I see crystal clear why the things I viewed as failures were actually experiences to position me closer to my destiny. In a since, I was chasing the idea of becoming who I thought the world wanted me to become. However, it was way too normal and predictable. Little did I know that it is perfectly fine to be a little fish in a BIG sea. I’m learning that the BIGGER I dream the smaller I become because less and less is it about me. I enjoy becoming a little fish in a big sea because it gives me more room to explore, grow and be adventurous. In this moment, I fully accept my new unintentional vision. I have this new BIG Vision for my life.
It involves traveling the world. I want to see and experience different cultures, relax on beaches, live like the locals, eat fresh fruits and drink fresh squeezed juices. I want to devour all the seafood my stomach can handle. I want a very intimate living space comprised of a beautiful courtyard with a serene colorful nature view filled with trees, flowers and plants very close to a lake. I need quiet time to reflect. I want to meet new people and allow the entire world to be my platform. Who I am becoming wasn’t planned. I thought moving to Arizona would fulfill my yearn for adventure and hunger to explore, Instead it ignited the burning desire within. My passport came a few days ago and pure excitement was all over me!
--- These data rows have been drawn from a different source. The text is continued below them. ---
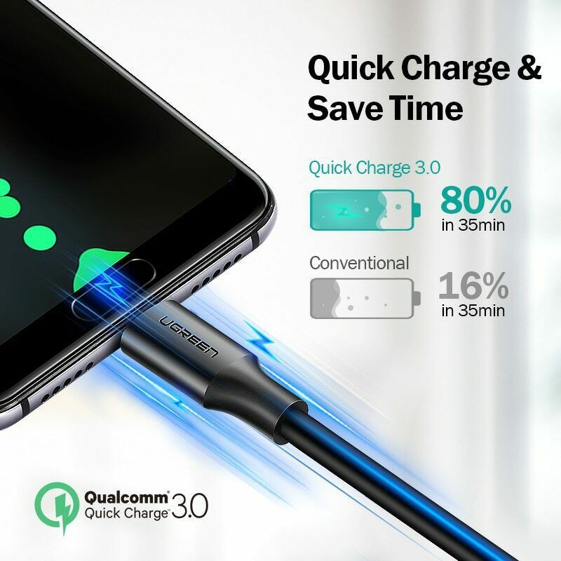 Cáp UGREEN 60116 Với thiết kế truyền thống, đơn giản, gọn nhẹ nhưng sủ dụng chất liệu nhựa PVC cao cấp, độ hoàn thiện cao. Lõi đồng nguyên chất bọc bạc chống nhiễu. Kèm với công nghệ sạc nhanh Quick Charge 3.0 nguồn ra 5V3A (max) giúp sạc thiết bị của bạn được sạc đầy một cách nhanh chóng
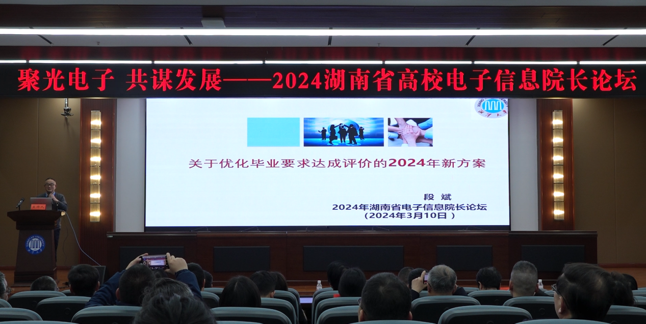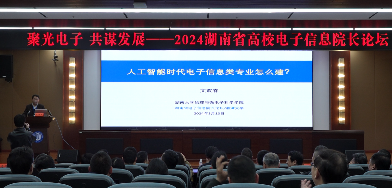 院长段斌分别作《人工智能时代电子信息类专业怎么建》等四个特邀报告,从不同角度探讨了湖南省电子信息领域的人才培养、专业建设、发展现状与未来规划,给全省各高校电子信息相关专业和学院建设带来了最新资讯和宝贵经验。
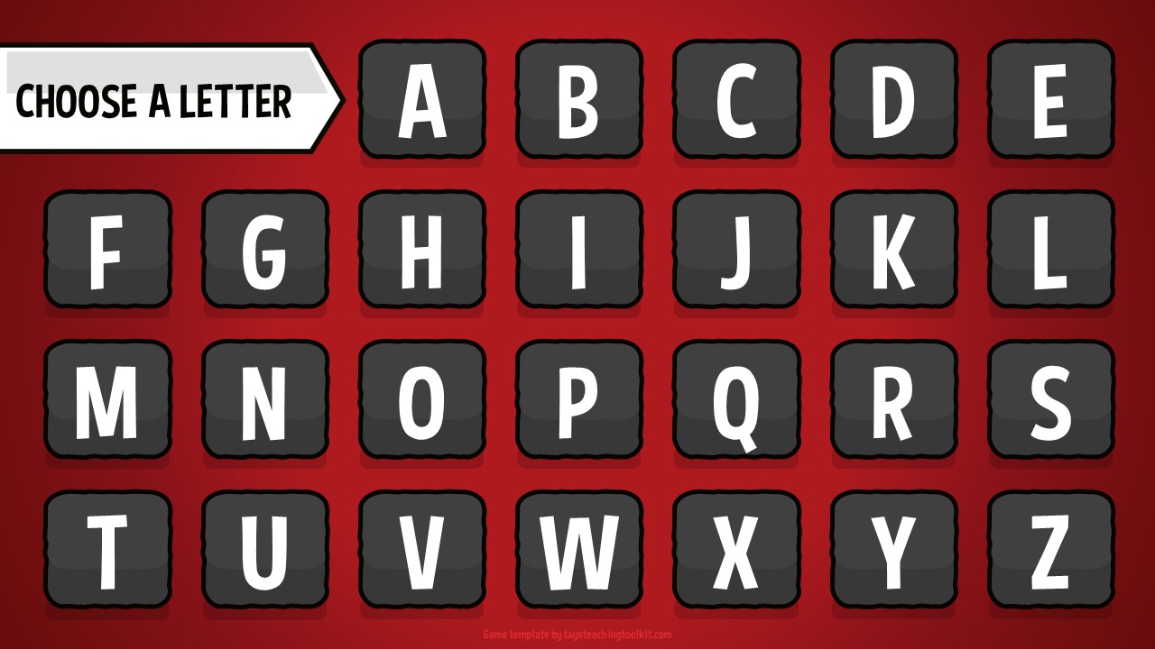 - A student/team chooses a letter and answers the question or completes the task on the corresponding slide.
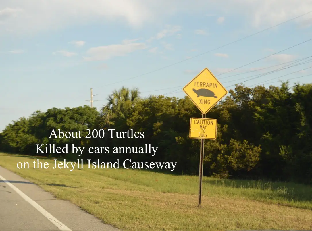 The Georgia Sea Turtle Center which opened nearly 10 years ago is dedicated to the education, treatment, and rehabilitation of a variety of sea turtles (five species in Georgia - see quote below). Road signs like the one below caution motorists to look for turtles and about 200 or so are killed annually just on the Jekyll Island causeway.

Then, the limiting beliefs showed up: (But, You are a Mother and Wife…how will you do this with children?) I want my children to experience this BIG WORLD with me and I also want amazing solo travel moments. I realize my purpose is a part of me and I am a part of it. I don’t want fame. I want peace, love, strength, courage and clarity surrounded by God’s beauty! I want my version of a wealthy lifestyle of time and financial freedom. I know I have a voice. I vow to get my message heard but, it doesn’t have to come in this huge form of a BIG BRAND. I truly respect that Business is a numbers game…however, I still honor quality over quantity. I plan on continuing the path of building a valuable, impactful and scalable business. My Voice. My Way. My Terms. Ahhh, I envision myself wearing pretty comfortable dresses that flow in the breeze, no worries just smiling and Free. Yeah, I choose this lifestyle and deep down inside of me I know that this lifestyle choose me too.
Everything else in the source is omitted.